Second, let me state that my faith in God has not been shaken by this election.
Finally, My faith in humanity, however, has been.
I became a Catholic around the age 5 when my mom married my Catholic Stepdad. My family left the Catholic church when there was a problem with my long-abandoned grandmother decided to divorce. At a more traditional black church I got my hands on a bible... The King James Version.... I was elated. ... and faithful... except for the college years through the early 20's... typical, right? I stayed faithful for many years, but the message stopped sitting well within my heart. I found myself struggling with depression and eventually realized that it was worst on Saturday night... I didn't want to go. I felt a struggle between the word spoken every week, and my heart. The words didn't sit well with Jesus' commandment "That ye love one another; as I have loved you, that ye also love one another." And I had to ask myself, time and time again, did this statement show love? And time and time again, it did not. Shaming a woman's clothing, shaming a sexual inclination, punishing a struggle with identity, shaming a reproductive decision, (all of which were none of our business) it was just not cool with me. It hurt my heart.

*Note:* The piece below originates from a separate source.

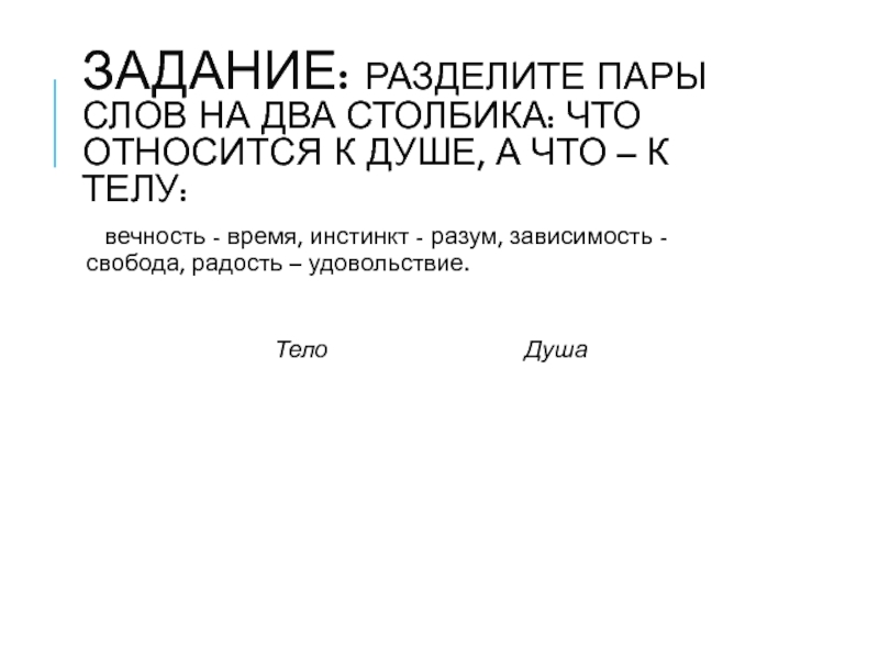 вечность - время, инстинкт - разум, зависимость - свобода, радость – удовольствие.

When it came to Christianity and politics, my faith was damaged long ago. At a homeschool program, where I was minding my business, selling tickets for a show, a "teacher" approached me and said loudly "Are you going to vote for Obama because you're black". (This was 2008, I am sure I blogged about this). She followed with "you can't be Christian if you vote for Obama". Not long after that, a leader in my church (not the pastor), when I said I did not agree with something said, "you can't have that opinion because people look up to you... if you disagree, so will they". I wasn't done right then and there, but It did not feel right to set what I knew what right in my heart and mind against "church obedience". And maybe I'm just not an obedient person. There's that. But I feel like I can love God and Love ALL Gods people and at the same time follow the sensitive mind and heart that God gave me. So over the course of some years, my family gave up the status of being Church-going Christians to being unchurched... Christians.
And then there's Trump. I heard more than once that people were voting for him that it is the Good Christian thing to do. That a good Christian would vote for Trump. And good Christians were using slogans like "Trump that Bitch".... and I was like... oh-my-goodness.... this is not love. This is not Jesus' commandment. This is not Christian. And to add insult to injury, for Christian leaders to get behind him and support him, broke me in a way that is irreparable.
((((I do not believe that someone's private life should be dictated by the church and that it is better to have an angry racist than someone who will give women the right to their own bodies.... whenever a churched person tries to explain their Trump decision to me, this is what I get from it... that Trump is better than abortion... I say, that person's abortion is not your business... love is.))))
- I cannot participate in a faith based organization that espouses anything but love. Period.
- I cannot abide a political candidate who thrives on hate and division.
- I cannot live under a tyrant.
- And I will not be quiet in the face of hate.
So, you might want to say I am not A good Christian, and I probably am not, not by your definitions, but my faith is in God and my "rules" are in Jesus' last commandment. If I can do that, I can die with a good heart. In the meantime, I will live, and reject hate.
The results of this election are the results of HATE. I will fight this, in the name of Love and in the name of God. ... I don't know what I mean by that... but I will fight back.
ps. Don't ask me to pray for that man. I will instead pray for the innocent black and brown and gay people and the women who are being physically attacked since this snake reared his ugly head.